What you need to know:

  • We only have to look at the different ways in which the laws of the land have been implemented to come to the conclusion that pro-regime communicators and sentiments will be least affected.

As far as ghosts of Uganda’s past go, the crafting of strategies to suppress freedoms seem to continuously rear their ugly heads every so often. This has been heightened by social media, whose growth and popularity has proven difficult to contain by the powers that be.
 
To attempt to regulate, something Uganda Communications Commission (UCC) seems to stretch to mean censoring, different laws and policies that have been put in place have failed to have the desired result.  

Some strategies have been abandoned while others reset to still limit free expression in the country. The battle has for a while been even more targeted at social media and Internet users.
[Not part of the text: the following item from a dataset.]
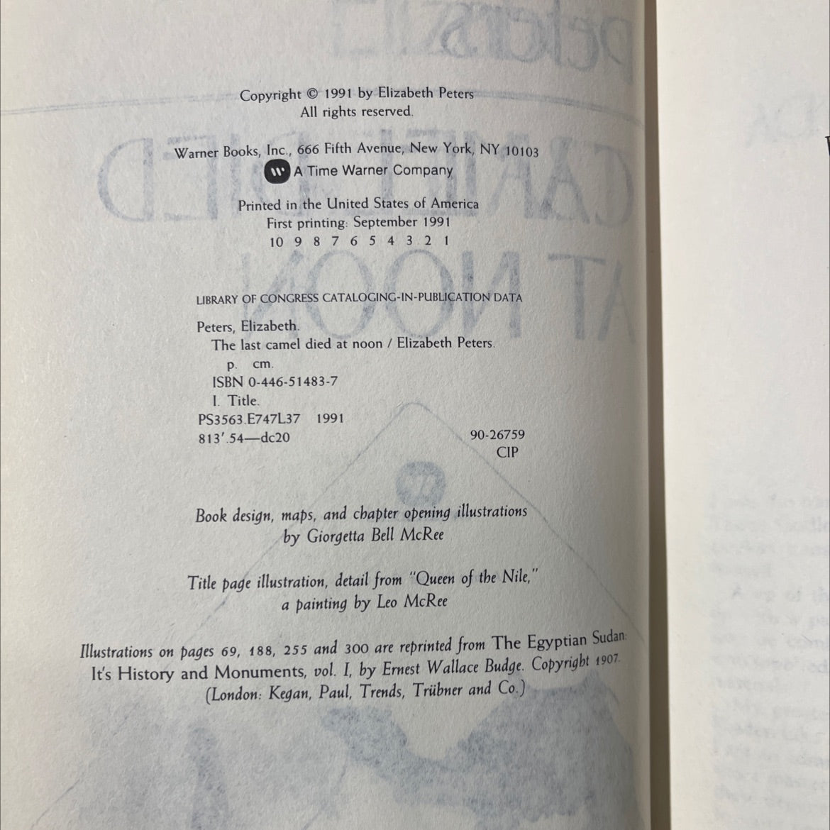 Rare collectible book priced at $35, 'the last camel died at noon' by Elizabeth Peters, First Printing,unknown sold by Black Octopus Books. This book features a Hardcover binding, and was published in 1991 by Warner Books. The photos are of the EXACT copy of the book you will receive, condition and all. Here's a list of all the book stats!

A new policy directive recently issued by UCC states that all those who use social media must attain authorisation. Not to break from the usual fashion of vague, overly extended, and thus highly ineffective policies, this new directive is set to encompass everyone with access to the Internet with the purpose to share any online information. 
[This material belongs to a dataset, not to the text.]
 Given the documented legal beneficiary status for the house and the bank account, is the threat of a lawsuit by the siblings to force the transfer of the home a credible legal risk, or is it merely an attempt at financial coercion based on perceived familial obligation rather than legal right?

The questions of who determines what the public is, whose standards are used for determining misinformation, and whether UCC as a regulator has taken this gatekeeping role a little too far, have been asked, but no answer is provided.
 
To understand the systemic pattern that has been introduced as the Public Management Act, the Social Media Tax, the attempt to regulate artistes, and all the other largely flawed efforts to infringe on our ability to be seen and heard, I suggest a broader discussion around this.

Question is, whose interest does the enacting of directives such as these, serve?UCC’s track record is anything, but unbiased. It is seen as acting on behalf of the public good. Coming in the middle of scientific campaigns and elections, these new proposals seek to make it harder for people, especially those who communicate online,  to express themselves freely. There is no doubt as to who will be most affected by these recent moves and why. 

We only have to look at the different ways in which the laws of the land have been implemented to come to the conclusion that pro-regime communicators and sentiments will be least affected. The second question is, what is this expression that is evidently feared? Reader, your guess is as good as mine. 

Imagining that we are having this conversation in a society that appreciates the need for free expression, the role of the government should be to protect the rights of citizens.  This rights would, therefore, presuppose that how one exercises the them is left undefined. Yet clearly, this is far from reality. As such, restrictions to the fundamental rights and freedoms can only stand if they pass the test recognised by Article 43 of the Constitution.

This precedence as set by courts is that those who purpose to enact laws that restrict the rights and freedoms guaranteed under Chapter Four of the Constitution must prove the justification and acceptance of such a law in a free and democratic society. As UCC will once again come to learn, these directives do not pass any of these tests.